Moonshot AI’s strategy of going as big as possible (and distilling Anthropic’s work) is paying off. After K2 and K2 thinking being D-tier also-rans last year, K2.5 has taken the crown of smartest open-weights coding model. (This cost our founder $20 in a lost bet with our director of marketing.) You can also check out the Open Round to see the models that didn’t make the cut as finalists.

But if your question is “which one of these should I write code with”, the answer is “none of them,” because in case you weren’t paying attention, the answer is … Flash 3.

Miscellaneous findings

  1. Gemini 3.1 Pro seems to have solved the thinking-loop problems that we saw with Gemini 3 Pro; we didn’t hit this a single time in our testing. This leaves 3.1 Pro, like the other flagship models, a good model that is too slow and expensive to be your coding daily driver.
  2. Sonnet 4.6/High failed several tasks that Instant succeeded at. This turns out to be caused by overthinking: Sonnet 4.6 would literally max out its 64k output tokens budget on reasoning, and hit the wall before it actually wrote any patches. Opus 4.6 also thought a lot, but its max output tokens is 2x larger, and that was enough to not stall out like this.
  3. GPT-5.2 Codex is a bit worse than vanilla GPT-5.2; GPT-5.1 Codex Mini is a lot worse than vanilla GPT-5 Mini. OpenAI isn’t kidding when they say that these models are specifically trained to work with their codex coding harness and work poorly outside of it. (GPT-5.3 Codex is untested because it is not yet available in the API.)
  4. Cheaper isn't always cheaper. Both GPT-5.2 and Flash 3 were less expensive with thinking enabled, even though it uses more reasoning tokens, because it took fewer tries to solve the tasks.

Model Settings

  1. We’ve used Anthropic’s “Instant” term for “thinking disabled” in both Anthropic and OpenAI models. For Gemini models we use Minimal, which is for now only supported by Flash. If reasoning is not specified in a model label in the results, then it’s set to High where reasoning effort is supported. (Most open weights models do not support configuring reasoning effort.)
  2. Anthropic models were tested with adaptive thinking and 1M context enabled.
  3. Open weights models were tested against first party providers on Openrouter where that was an option; otherwise, against high quality third parties like Parasail and Together. Anthropic, Gemini, Mistral, OpenAI, and xAI were tested directly against their creators’ endpoints.

About the benchmark

Some things haven’t changed since 2025; SWE-bench still sucks, and MiniMax is still benchmaxxing their hearts out. We still need uncontaminated benchmarks that nobody has had the chance to train on yet.

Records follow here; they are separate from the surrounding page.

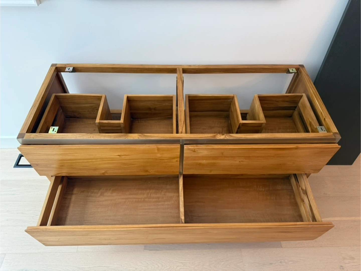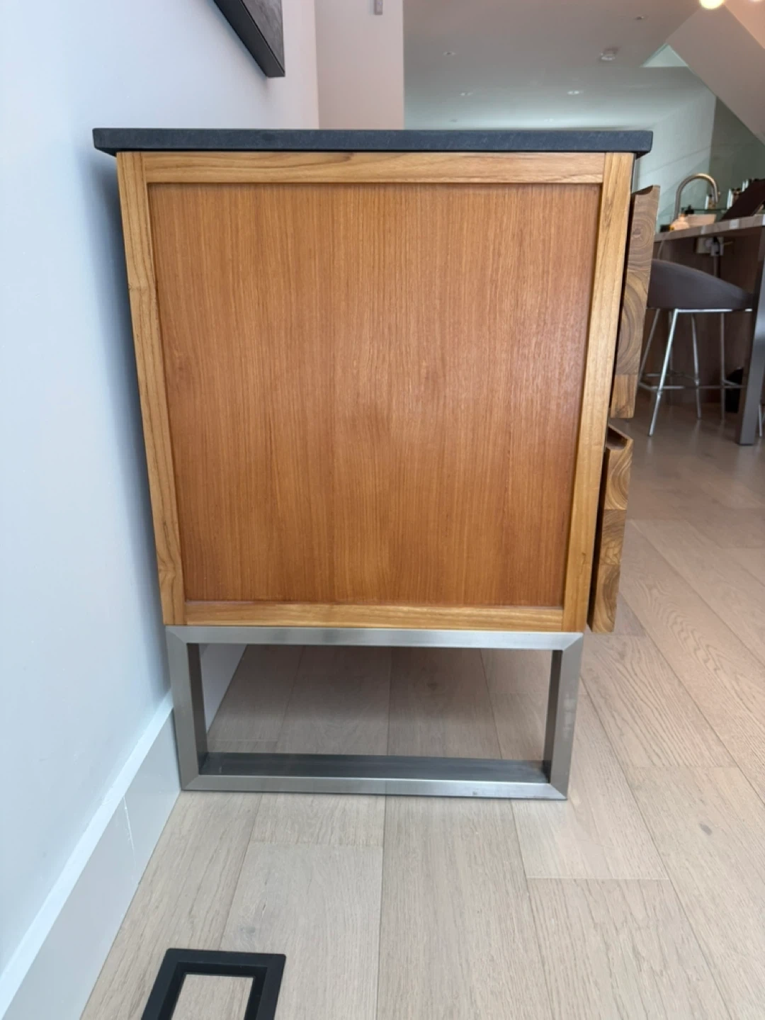 Solid wood vanity/ storage cabinet with a modern dark grey countertop and a brushed stainless steel frame. It features three sets of drawers for ample storage. This piece would be great for a bathroom renovation. Originally purchased from Montreal and shipped to Toronto.
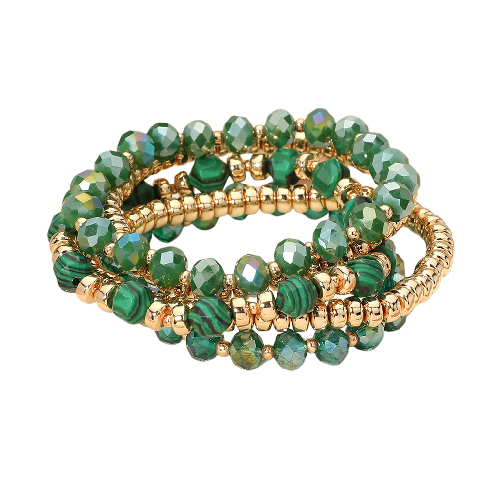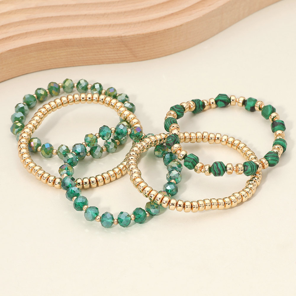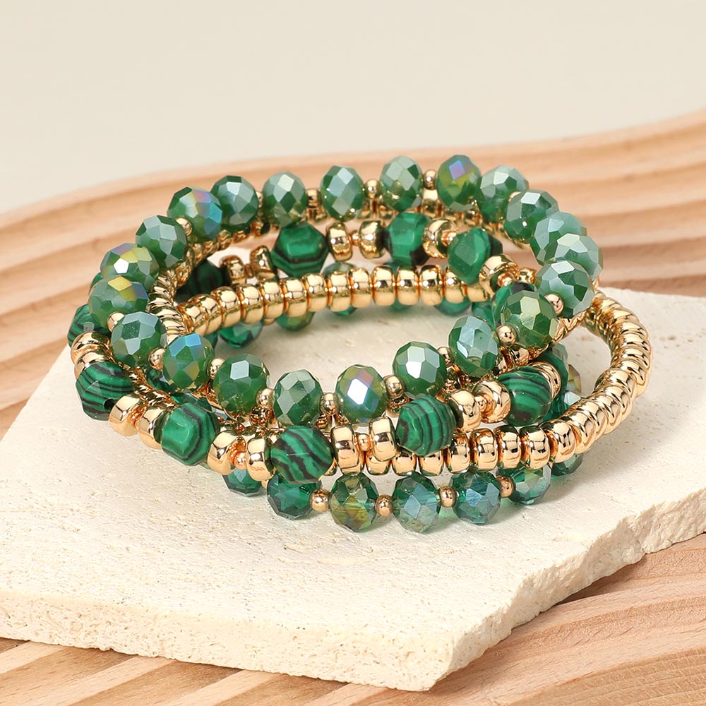 5PCS - Metal Ball Faceted Beaded Stretch Multi Layered Bracelets
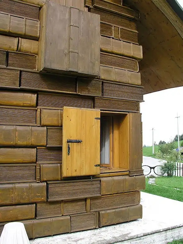 Так же одной из его чудо-работ считается "Дом книг". Он стоит на цементном фундаменте, имеющем форму книги, который – вместе с трубой – являются единственными частями дома, не вырезанными из дерева. С огромной перьевой ручкой вместо трубы, карандашами, служащими оградой и каменными точилками, служащими дорожкой в саду, дом сразу стал местной достопримечательностью. Одно из самых сильных ощущений от дома – прекрасный запах свежего дерева. Книжная тема прослеживается во всей обстановке. При ближайшем рассмотрении стол оказывается большой деревянной книгой, лежащей на полураскрытой книге. Даже обеденные кресла – это хитроумная комбинация из гигантских томов.
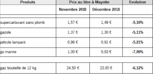 Le prix de vente maximum du carburant et du gaz au 1er décembre 2018
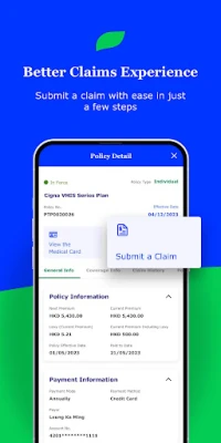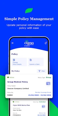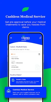 • View and manage your policies • Apply for pre-approval of Cashless Medical Service before treatment, easing your mind on managing paperworks for claims • Submit claims and track status • Enroll new health protection and medical inurance coverage plans online for you and your family • Locate nearby network healthcare professionals • Get live support from Cigna's Customer Service Team
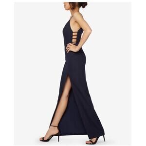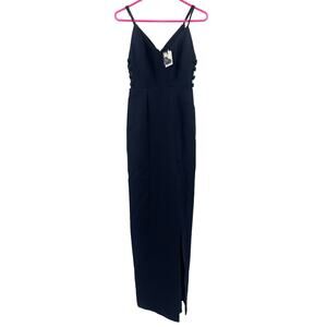 FAME AND PARTNERS Dress Size 0 Maxi Gown Navy Side Slit Buttons Evening NWT Formal, Wedding, Bridesmaid, Classic, Evening, Cocktail, Event
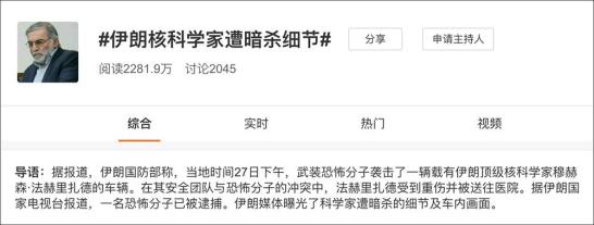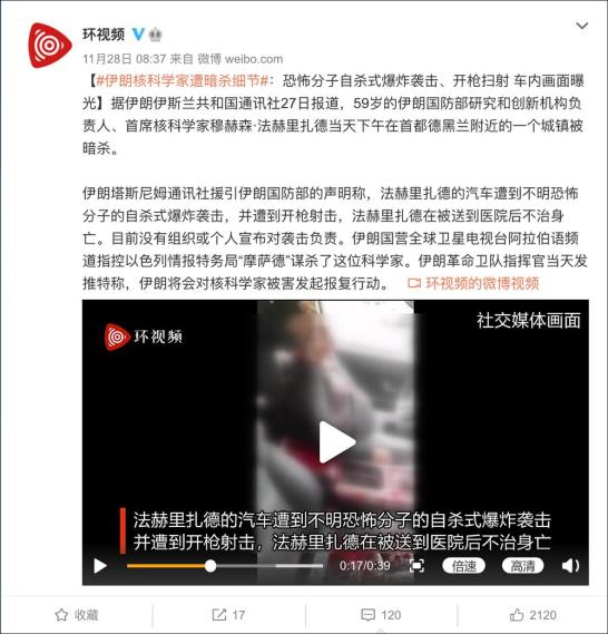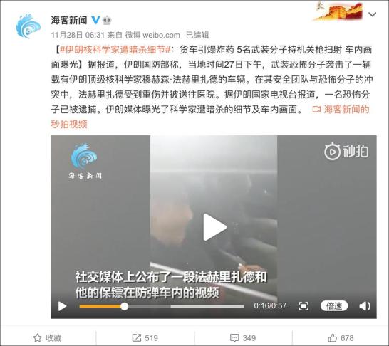 11月28日,有52萬粉絲的微博賬號“@海客新聞”發(fā)布博文:“【#伊朗核科學家遭暗殺細節(jié)#:貨車引爆炸藥 5名武裝分子持機關槍掃射 車內畫面曝光】據報道,伊朗國防部稱,當地時間27日下午,武裝恐怖分子襲擊了一輛載有伊朗頂級核科學家穆赫森·法赫里扎德的車輛。在其安全團隊與恐怖分子的沖突中,法赫里扎德受到重傷并被送往醫(yī)院。據伊朗國家電視臺報道,一名恐怖分子已被逮捕。伊朗媒體曝光了科學家遭暗殺的細節(jié)及車內畫面?!?/p>
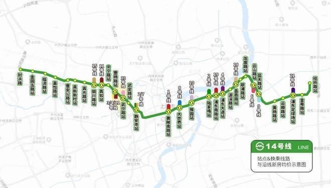 懂上海轨交的人都知道,2021年开通的14号线,是上海最后一条穿越市中心的烫金大动脉。整条线路串起了真如、静安寺、新天地、豫园、陆家嘴9个顶级CBD,是真正的城市黄金轴线。
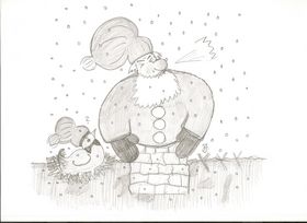 Men først ville han lige være sikker på, at han stadig kunne krybe gennem skorstenen. Han kunne sagtens nå at krybe gennem sin egen for at være på den sikre side.
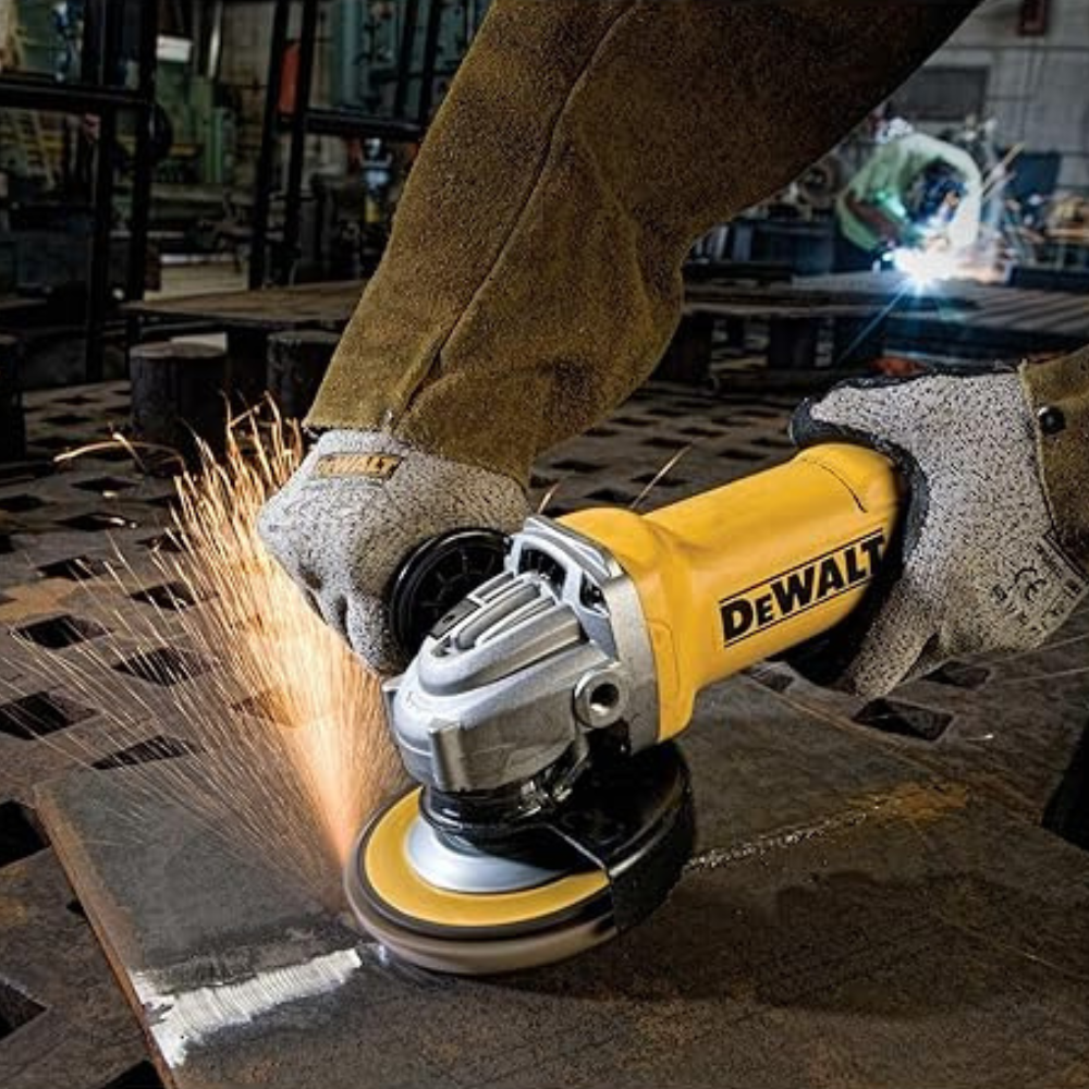 DEWALT DWE402 je robusna kutna brusilica nove generacije koja postavlja standarde u omjeru snage i težine. Opremljena je snažnim motorom od 11 Ampera (cca 1200-1300W) koji postiže 11.000 okretaja u minuti, što je čini idealnom za najteže zadatke rezanja i brušenja metala ili kamena.
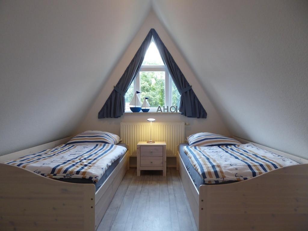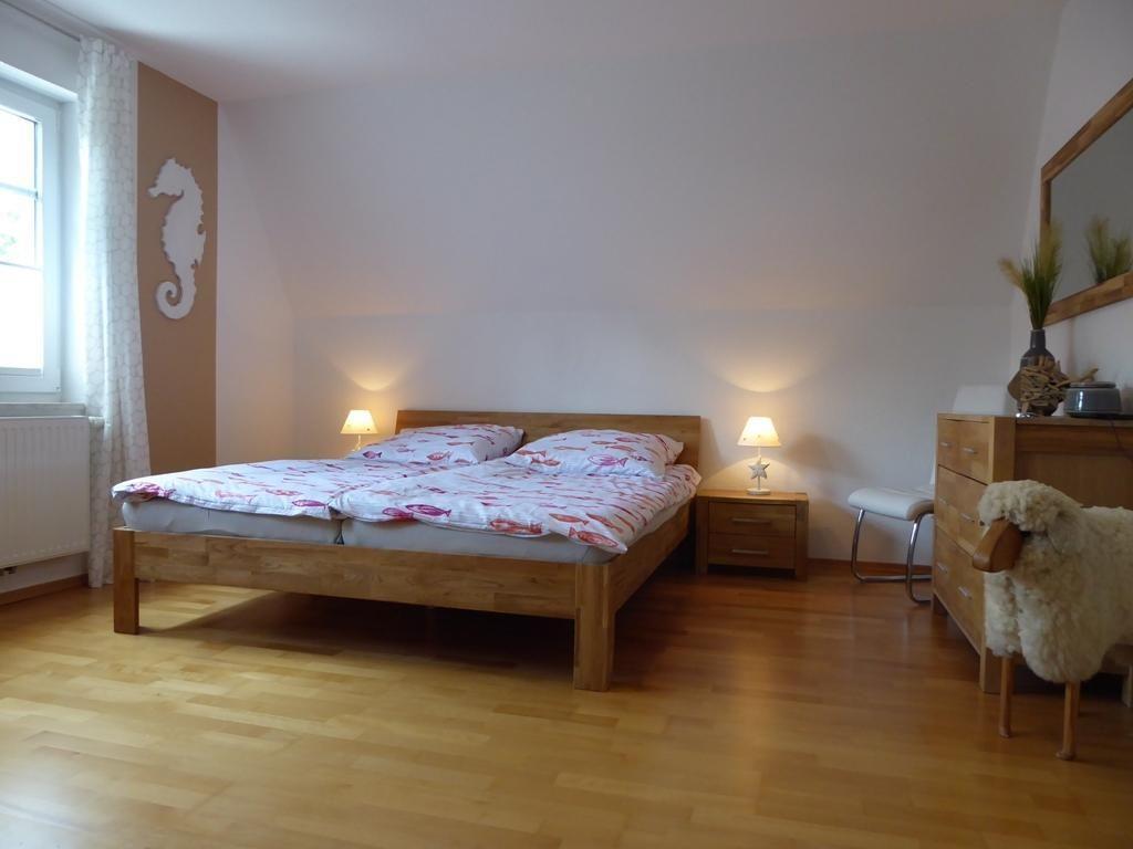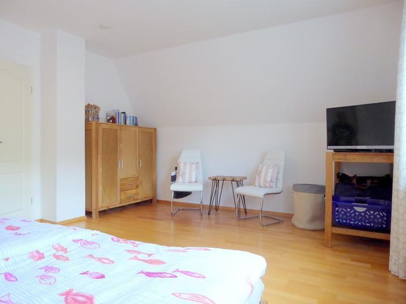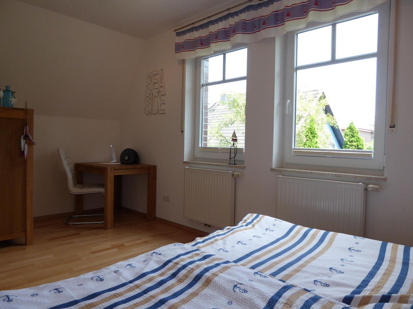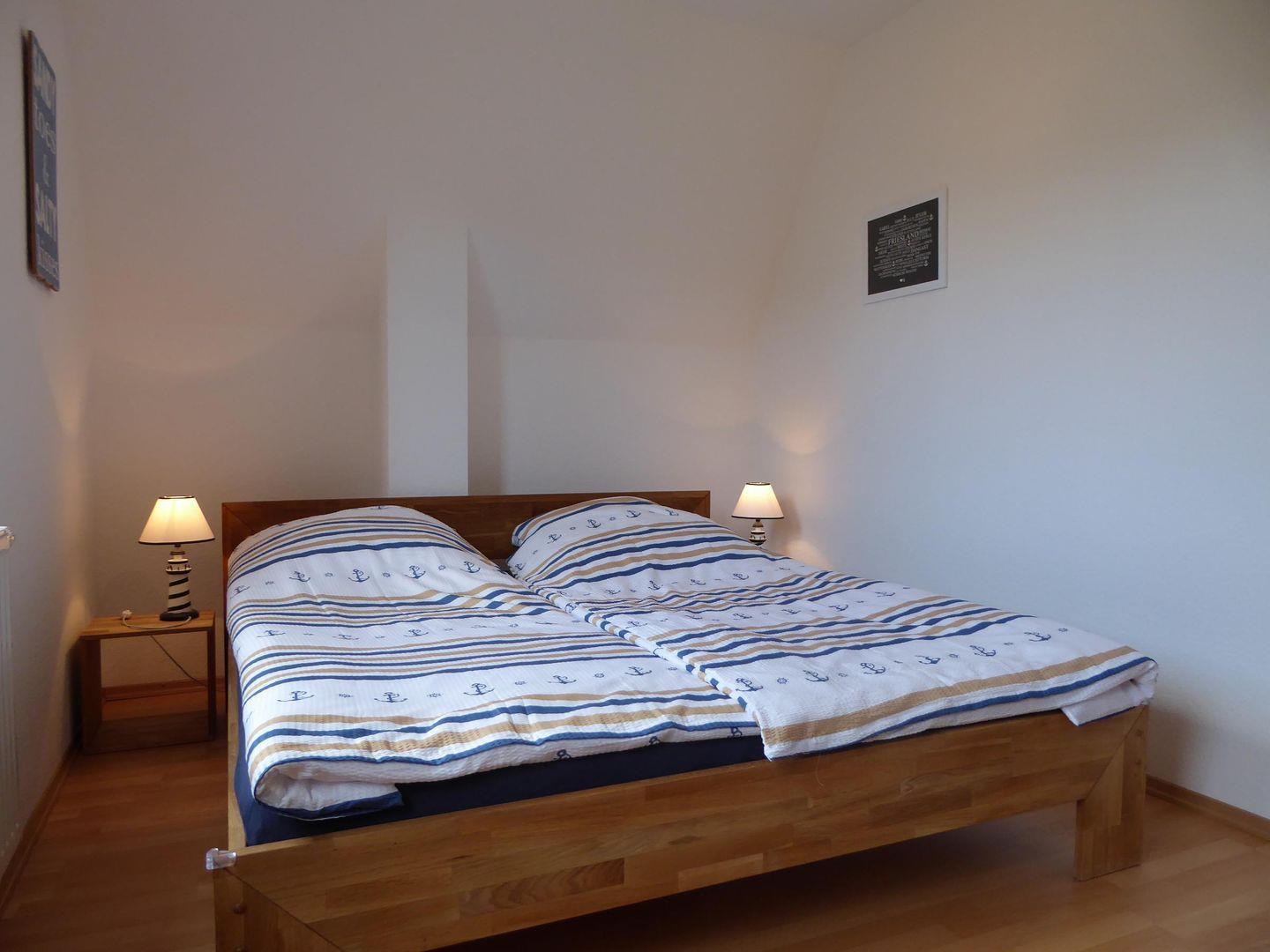 Die 2 Schlafzimmer im 1. OG sind jeweils mit einem 1,80 m breitem Doppelbett ausgestattet. Ein Schlafzimmer verfügt über einen Flatscreen-TV. Im 2. OG befindet sich das dritte Schlafzimmer mit 2 Einzelbetten.

For 26.02, we took the lessons from our first run and made a few deliberate changes. Most notably, we pulled planning out of the coding ranking entirely, and when we rebuilt our task set we included C# and Go projects for the first time. But we’ve also tweaked our testing and reporting setup. Specifically:

  1. Instead of running all tasks 3x and reporting both average and best, we’re running failed tasks a second time and rolling those numbers in as success-with-turn-penalty. So if a task fails after 5 build attempts in run 1, and succeeds after 2 builds in run 2, it will be scored as success-after-7-builds.
  2. We’re reporting an estimated cost-to-solve and time-to-solve that takes into account performance on successful tasks and task difficulty as observed across all models. This gives us a more accurate picture of “How cost effective or how fast is this model, given a task that is simple enough for it to solve?” which is what most people expect intuitively.

    However, for the Open Round, many of the models do not solve enough tasks to calculate this accurately, so we are falling back to reporting total cost and total latency instead. This tends to overpenalize weaker models, since they max out their retry count with nothing to show for it on many tasks, but only counting successful tasks penalizes the smarter models that solve more, so reporting the total numbers seems like the lesser evil.

We’re still calculating “Score” as 1 / log2(b + 2), where b is the number of failed builds; this gives a partial credit for success that decays more as you take more attempts, but we’re also reporting raw pass rate now as well.